Archive for August, 2004

platform independence

Thursday, August 19th, 2004

I’m stuck in a conference call with surgient.com

They purport to have platform independent virtual lab environments. In actuality, they only support operating systems which run on VMWare or Microsoft Virtual Server. Excuse me? This qualifies as “platform independent” ?

What about sparc/Solaris, PPC/AIX, PA-Risc/HP-UX and so forth?

All the world is not Wintel/Lintel. Platform includes hardware.

crypto swiss cheese

Wednesday, August 18th, 2004

AAeeeeeiiiiiii Major Crypto Algorythms Cracked

How long until the exploits are in the wild? Are they there already but are unrecognized, undiscovered, under-the-radar?

Not good. Not good at all.

But not completely unexpected either. Had to happen sooner or later.

Antipatterns in organizations

Wednesday, August 18th, 2004

Zathras

“No. No. No. No-no. Not good. No, no.”

“Come on, find what you need and lets get away from here. We are running out of time.”

“Can not run out of time, there is infinite time. You are finite, Zathras is finite.
This is . . . wrong tool. No. No. Not good. No. No. . . . Never use this.”

-Zathras and Ivanova

Zathras had good sense of what tool is appropriate and was a “clumper” as defined in Bruce Eckel’s Web Log entry of Aug 16, 2004.

It is both strangely comforting to know that I recognize both of the organization anti-patterns mentioned towards the end of his article, and distressing that the company in question also began to recognize it but at a far too late stage to avoid implosion.

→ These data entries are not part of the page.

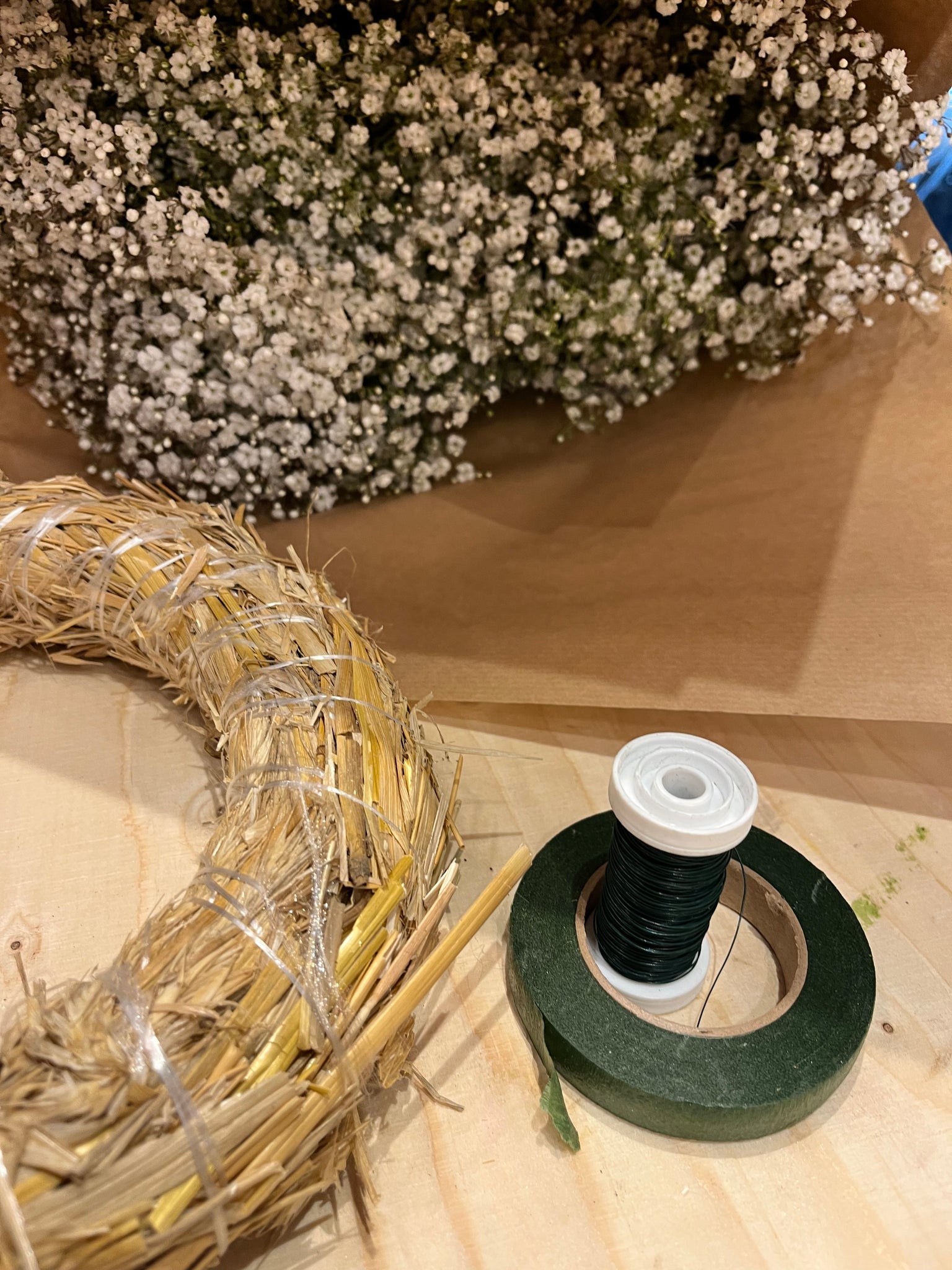 Du skal selv klippe materialer op i mindre stykker som du binder rundt on kransen i små buketter. Du får både tråd med i kassen.
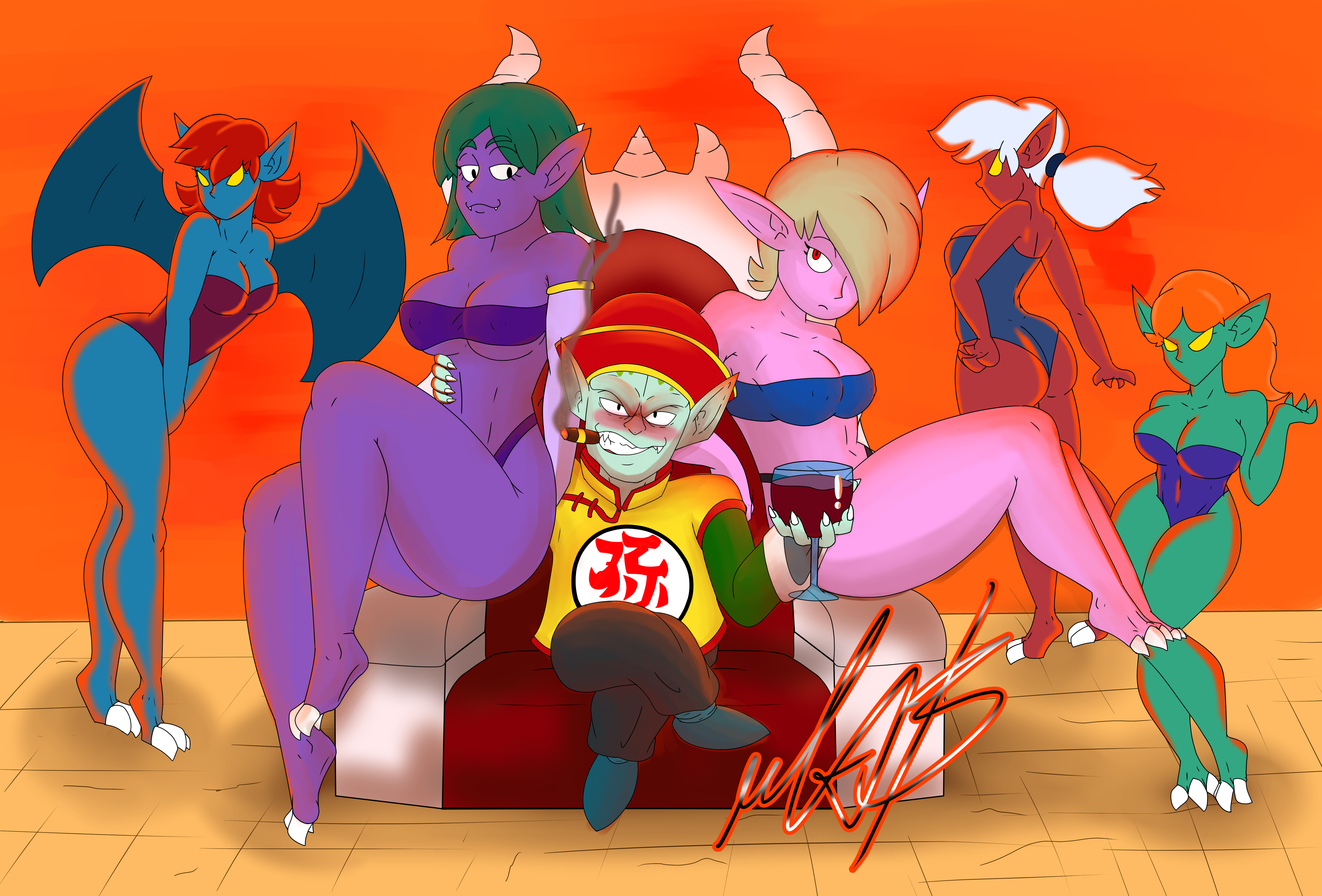• Just Garlic Jr. wearing Gohan's outfit surrounded by a harem of sexy demon skanks.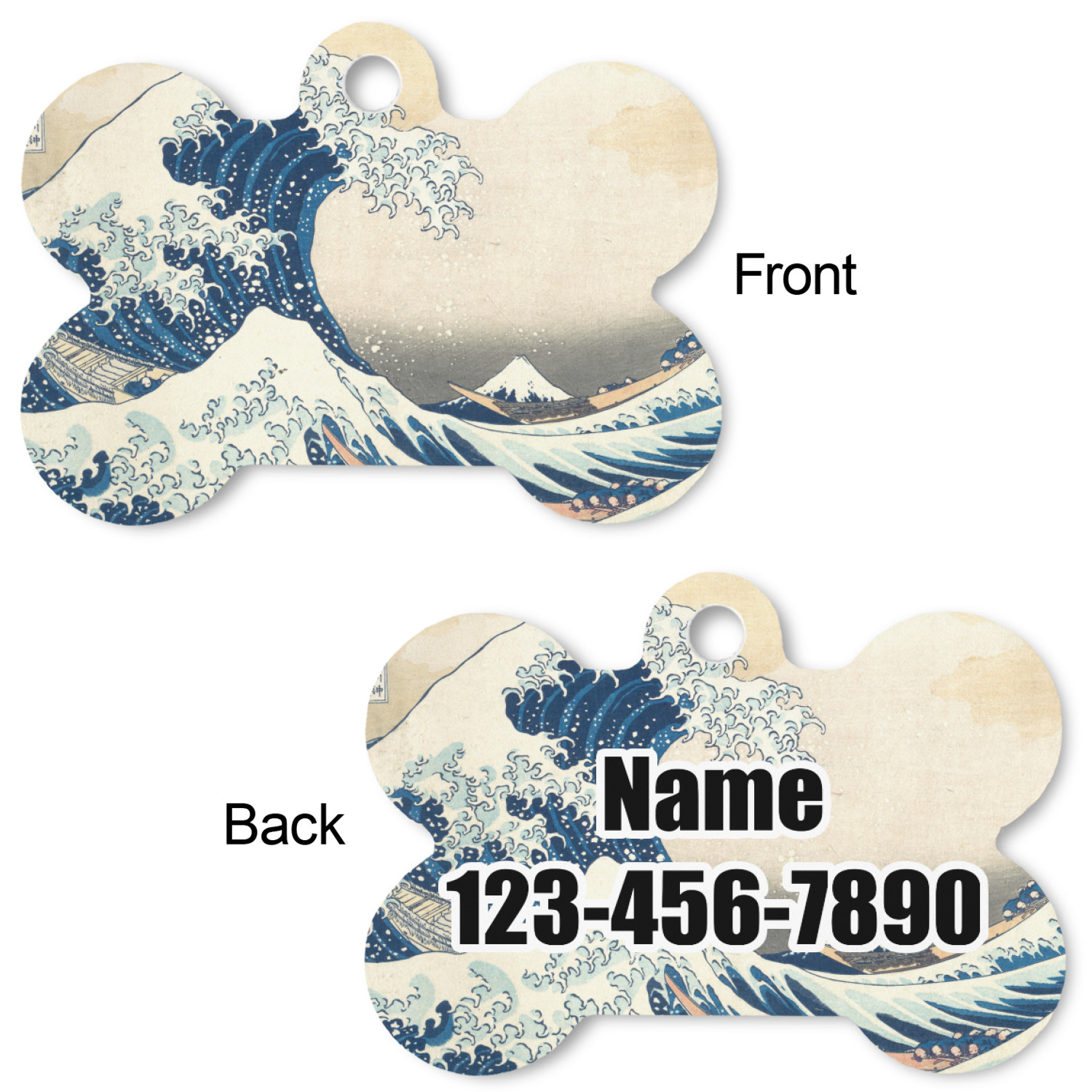 Our default design templates print your dog's personalization on the front and your contact information on the back; however everything is customizable, so you customize the patterns, the colors, the personalization, the contact information etc.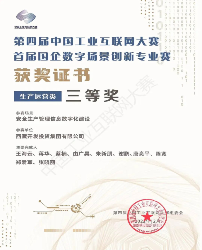 近日,西藏開(kāi)發(fā)投資集團有限公司在國務(wù)院國資委首屆國企數字場(chǎng)景創(chuàng )新專(zhuān)業(yè)賽中榮獲生產(chǎn)運營(yíng)類(lèi)三等獎。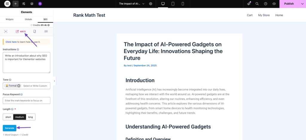 When you’re stuck writing a headline or intro, open the Write view. Give the AI a short prompt like “Write an introduction about why SEO is important for Elementor websites,” and click on Generate, as shown below.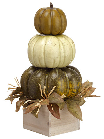 Stacking Pumpkin in Wood Box Green Cream (pack of 6)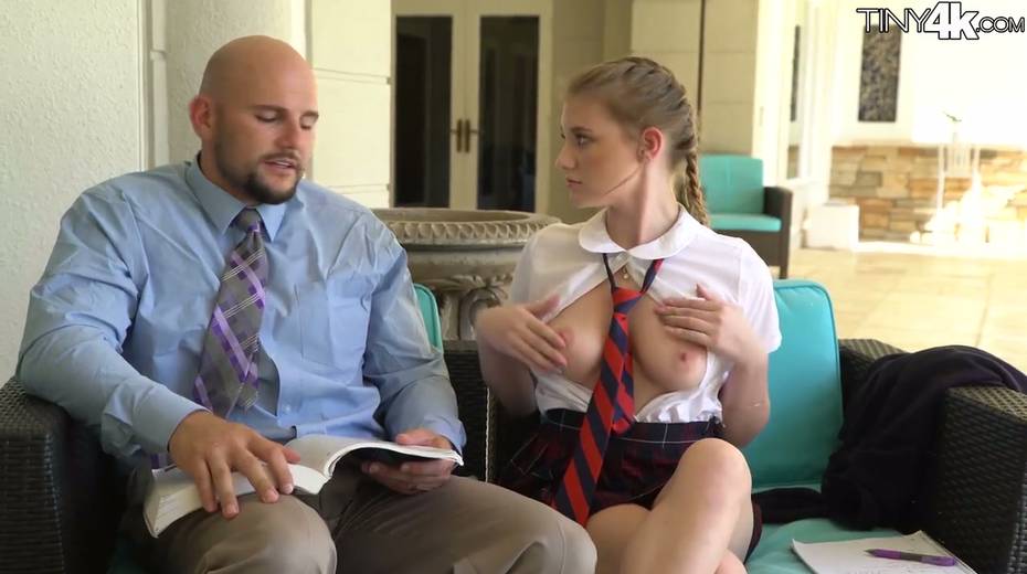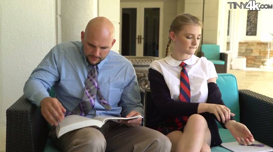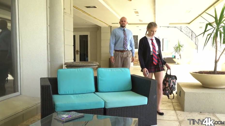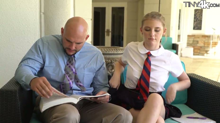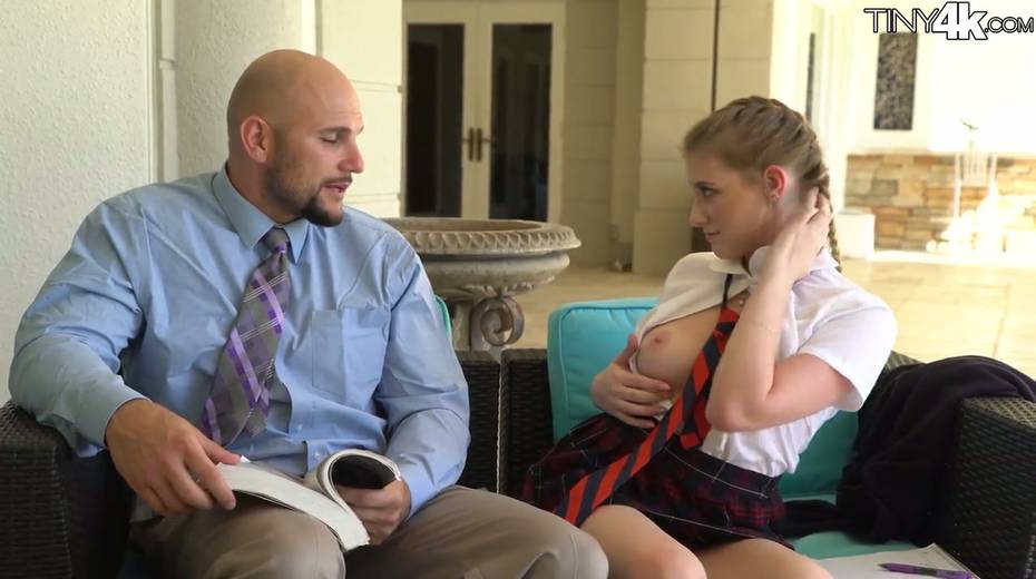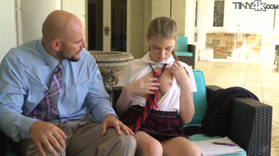 Petite student in short kilt skirt Melody Marks hooks up with bald headed teacher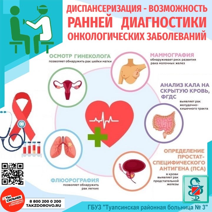 ? ⭕️ Флюорография - позволяет обнаружить рак легких. ⭕️ Анализ кала на скрытую кровь, ФГДС - выявляют рак желудочно-кишечного тракта. ⭕️ Осмотр гинеколога - позволяет обнаружить рак шейки матки. ⭕️ Маммография - обнаруживает риск развития рака молочных желез. ⭕️ Определение простат-специфического антигена (ПСА) в крови - выявляет рак предстательной железы. ✅ Все вышеперечисленные процедуры Вы можете пройти бесплатно в рамках диспансеризации. ПРОФИЛАКТИКА ОНКОЛОГИЧЕСКИХ ЗАБОЛЕВАНИЙ ⚠️ Для снижения риска развития злокачественных новообразований, необходимо: ❗️ Отказаться от курения. ❗️ Регулярно заниматься спортом. ❗️ Ежедневно употреблять растительную и молочную пищу. ‼️ Проходить профилактический медицинский осмотр и диспансеризацию в поликлинике. Подробнее о прохождении профилактических осмотров и диспансеризации на нашем сайте: https://hosp23.ru/patients/screening/710-minzdravkkodispanserizacii.html #укреплениеобщественногоздоровья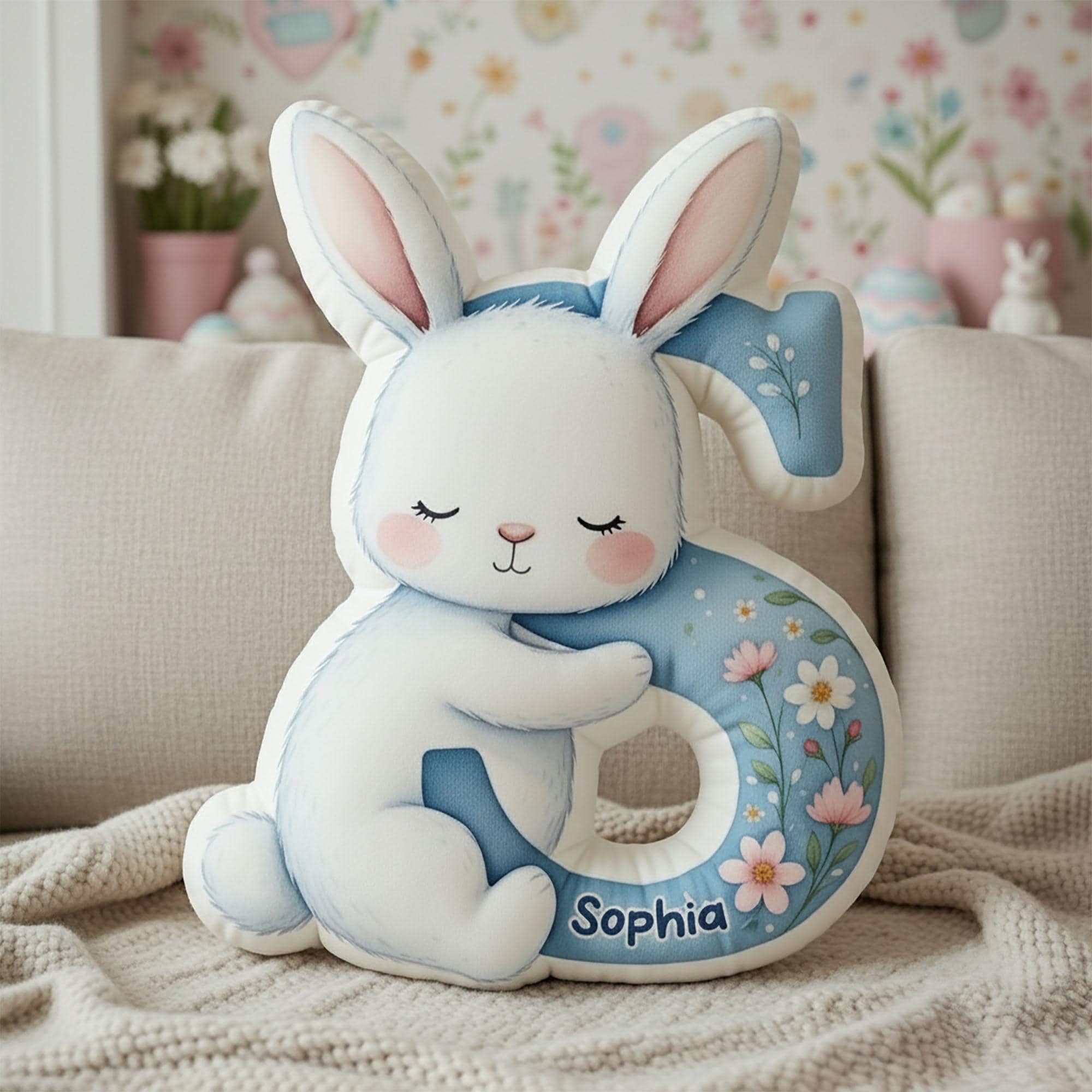 Personalized Hug Bunny Easter Letter Pillow with Name, Soft 3D Floral Rabbit Alphabet Cushion, Nursery Decor, Easter/Birthday Gift for Kids/Boys/Girls

The following description also strikes home as to the kind of thing the organization in question was building :

I have consulted on projects where the technologists decided that they want to solve a much broader problem than what was assigned, and usually it’s a disaster. In fact, I would characterize the desire to solve a bigger problem than necessary to be an important flaw in the technical management of the project, whereas a desire to “do the simplest thing that could possibly work” is an indication, to me anyway, of a depth of understanding of how hard it is to just get something working, and how likely it is that you’ll fail.
Bruce Eckel’s Web Log entry of Jan 1, 2004

I must try to recognize this stuff earlier and try harder to effect change or activate my trapdoor escape plan earlier if corrective change does not appear relatively soon. I was far too long in that unhealthy work environment. (Bad for stress, bad for career … other than “it was a learning experience” euphamism)

Next time . . .

I hate hardware

Monday, August 16th, 2004

I’ve been playing with some whizz-bang fibre SAN equipment over the last few days.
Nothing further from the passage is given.